Member of the Indiana Senate from the 23rd district
- In office 2006–2022
- Preceded by: Joseph W. Harrison
- Succeeded by: Spencer Deery

Personal details
- Party: Republican
- Spouse: Farzaneh
- Education: Wabash College Milligan College
- Occupation: Politician

= Phil Boots =

American politician

Phillip "Phil" L. Boots is an American politician from Indiana. He was a Republican member of the Indiana Senate, representing the 23rd District between 2006 and 2022.

==Education and business career==
Boots graduated from New Market High School and Milligan College. He owns several central Indiana businesses, and is president of Boots Bros. Oil Co., Inc., an operator of convenience stores.

==Political career==
Before being elected to the state Senate, Boots was a Montgomery County commissioner.

In the state Senate, Boots has proposed eliminating the board of county commissioners for all of Indiana's 91 counties (in 2008), cosponsored civil forfeiture reform legislation (in 2017), was the sole member of the state Senate Public Policy Committee to vote against hate crimes bill (Senate Bill 12, in 2019) and was the sole Republican to join with the Democrats in voting against a bill to ban dilation and evacuation abortion (in 2019). In 2015, he sponsored legislation that would legalize the placement of low-stakes video gambling terminals in Indiana bars and truck stops.

Boots voted in favor of a adding a ban on same-sex marriage to the Indiana Constitution in 2011, but voted against the proposed ban in 2014.

In 2013, Boots introduced a "nullification" bill that would purport to authorizes the Indiana General Assembly to declare federal laws unconstitutional and would have declared the 2010 Affordable Care Act (ACA) to be unconstitutional and unenforceable in Indiana. The supposed doctrine of "nullification" was expressly repudiated by the U.S. Supreme Court in Cooper v. Aaron (1958), and the ACA was upheld as constitutional by the U.S. Supreme Court in a 2012 ruling.

In 2014, Boots proposed an amendment to allow employers to discriminate in hiring on the basis of religion; Boots's proposal prompted vehement objections from Democrats.

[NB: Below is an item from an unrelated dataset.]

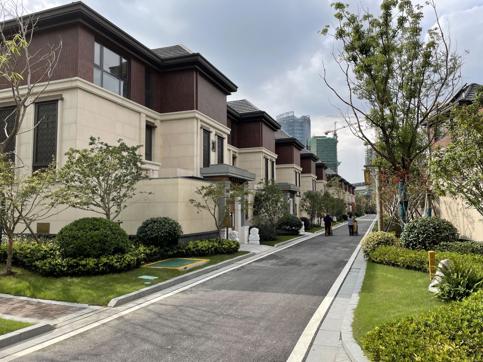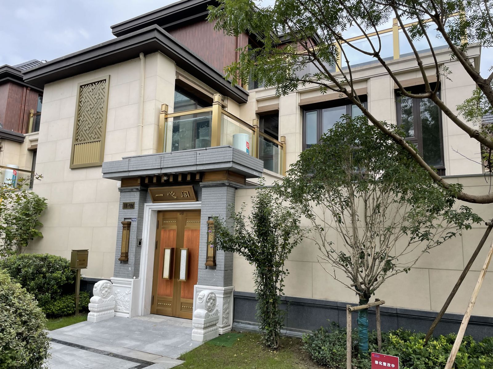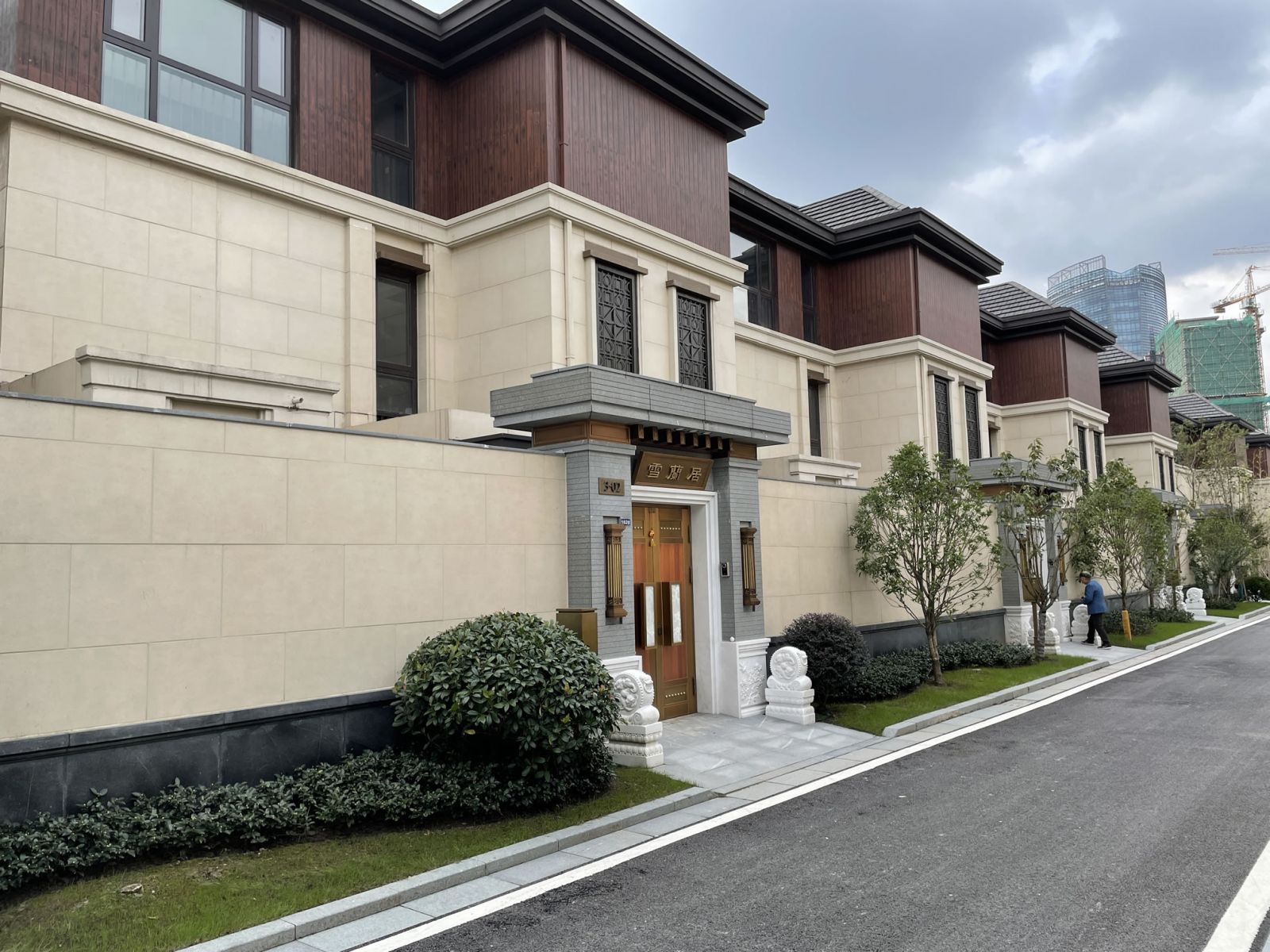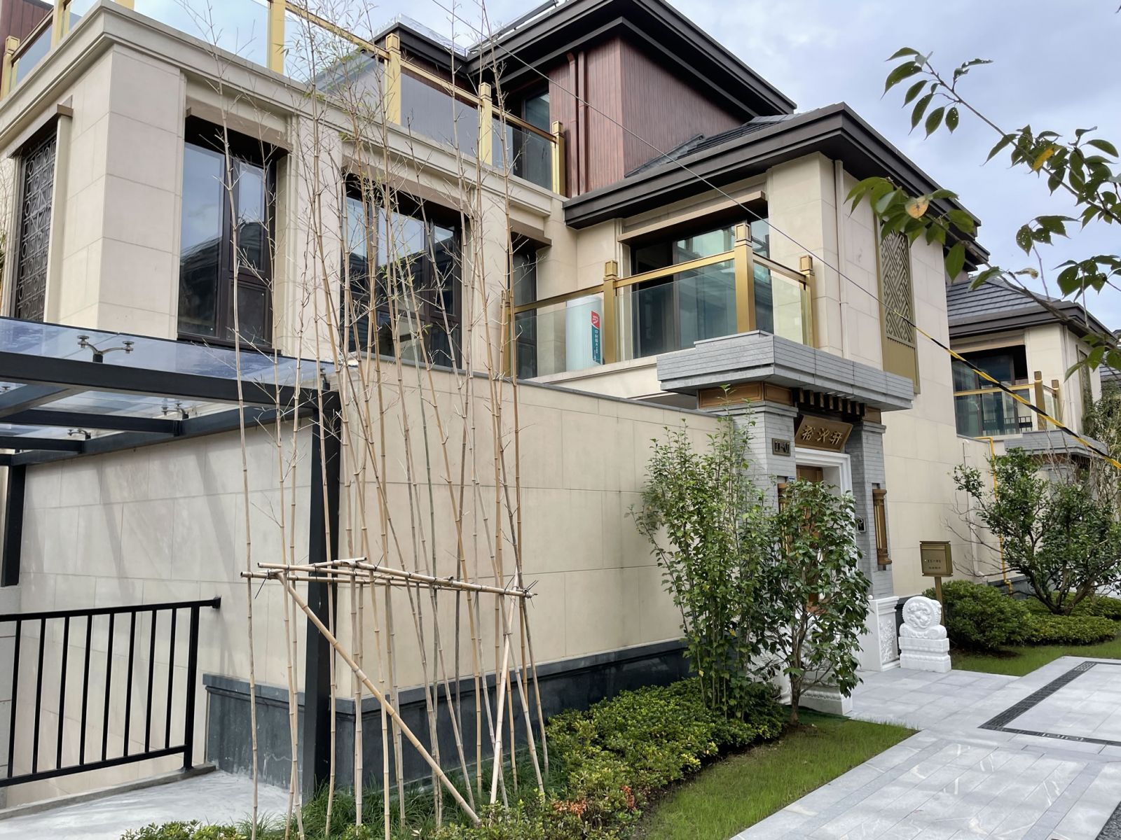 別墅外立面使用協進600*900葡萄牙米黃陶瓷薄板外飾面的保溫一體板。

Boots has sponsored legislation in 2016 to block local governments in Indiana from passing ordinances requiring employers to provide employees notice of their scheduled hours in advance, and sponsored legislation in 2017 to block local governments in Indiana from enacting "ban the box" ordinances. In 2018, Boots, as chairman of the state Senate Pensions and Labor Committee, blocked an equal pay bill (introduced by Democratic Senator Jean Breaux) from receiving a hearing by the committee.